PCA Cyber Security told Blapping Computer that he informed Volkswagen, Mercedes-Benz and Skoda about the weaknesses and gave them enough time to apply the patch, but researchers did not get any response from vendors about addressing the issues.
Bleepingcomputer has contacted three vehicle manufacturers whether they have pushed the improvements of Opensynergy.

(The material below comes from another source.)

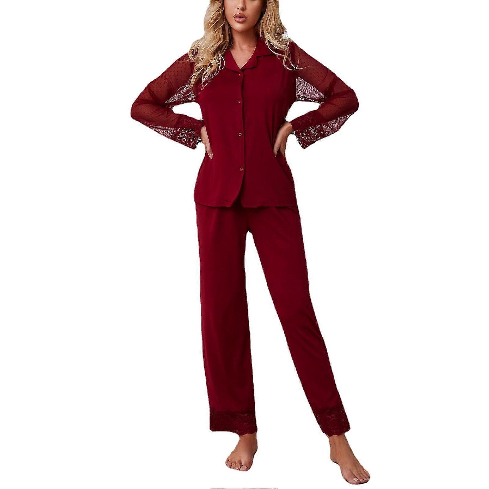 Pajama Set Lace Mesh Long Sleeve Long Pants V Neck Pure Color Single Breasted 2 Piece Sleepwear for Women

There was no immediate Mercedes statement and Volkswagen said that after knowing about the issues, he immediately started investigating the effects and methods to remove the risks.
A spokesman from Volkwagen told us, “The investigation revealed that under certain conditions it is possible that you should connect with the infotainment system of the vehicle through Bluetooth without any authority.”
The German car manufacturer said that taking advantage of the weaknesses is possible only when many conditions are fulfilled at the same time:
- The attacker is within a maximum distance of 5 to 7 meters from the vehicle.
- The ignition of the vehicle should be switched.
- The infotainment system should be in pairing mode, that is, the vehicle user should be actively added to a Bluetooth device.
- The vehicle user should actively approve the outer Bluetooth access of the attacker on the screen.
Even if these conditions occur and an attacker connects to the Bluetooth interface, then “they should stay within a maximum distance of 5 to 7 meters from the vehicle” to maintain access, the Volkswagen representative said.
The seller underlined that in the case of a successful exploitation, a hacker cannot interfere with important vehicle tasks such as steering, driver assistance, engine, or brakes because they are “on a separate control unit protected against external intervention by their own safety functions.”
PCA Cyber Security told Blapping communal that last month he confirmed PerfectBu, in a fourth OEM of the automotive industry, who said Opensergey had not informed him about issues.
Researchers told us, “We decided not to disclose this OEM as they did not have enough time to react.”
“We plan to disclose the details about the complete technical details of Perfektblue in the format of a conference in November 2025 along with this affected OEM.”
Bleepingcomputer has also contacted Opensynergy to inquire about the effect of Perfektblue on its customers and how many are affected, but we have not received answers at the time of publication.
While cloud attacks can be more sophisticated, the attackers still succeed with surprisingly simple techniques.
Drawing by the detection of Vij in thousands of organizations, this report reveals the 8 major techniques used by Claude-Floid danger actors.